- Three view drawing

General information
- Type: Glider
- National origin: United States
- Manufacturer: Windward Performance
- Status: Out of Production
- Number built: 35

History
- First flight: 2002

= Windward Performance SparrowHawk =

The Windward Performance SparrowHawk is an American mid-wing, single-seat glider that was designed and produced by Windward Performance. It first flew in 2002.

Since 2016 the aircraft has been no longer advertised as available by the manufacturer.

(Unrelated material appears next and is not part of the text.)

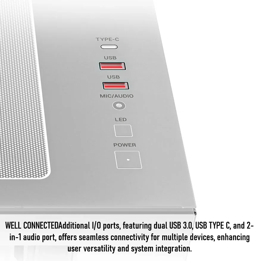 | Front I/O Ports | 2 × USB 3.0, 1 × USB-C Gen2, 1 × Audio/Mic Combo |

==Design and development==
The SparrowHawk was designed to fit into the US FAR 103 Ultralight Vehicles category, including that category's requirement that unpowered aircraft have a maximum empty weight of 155 lb. The sailplane achieves this by utilizing a structure that is predominantly made from carbon-fiber-reinforced polymer.

The SparrowHawk's multi-tapered, 36.1 ft span wing employs five different airfoils and has an aspect ratio of 18.6:1. The wing features Schempp-Hirth style spoilers on the top surface. The cockpit can accommodate pilots who range in height from 63 to 75 in. The landing gear is a fixed monowheel gear with an auxiliary tail wheel. The glider is finished with a two part polyurethane paint. The aircraft can be launched by auto-tow, winch-launch, or aero-tow by both light aircraft and ultralight aircraft. Aerobatics are not recommended.

The SparrowHawk achieves a best glide ratio of 36:1 and a minimum sink rate of 119 ft/min (0.60 m/s).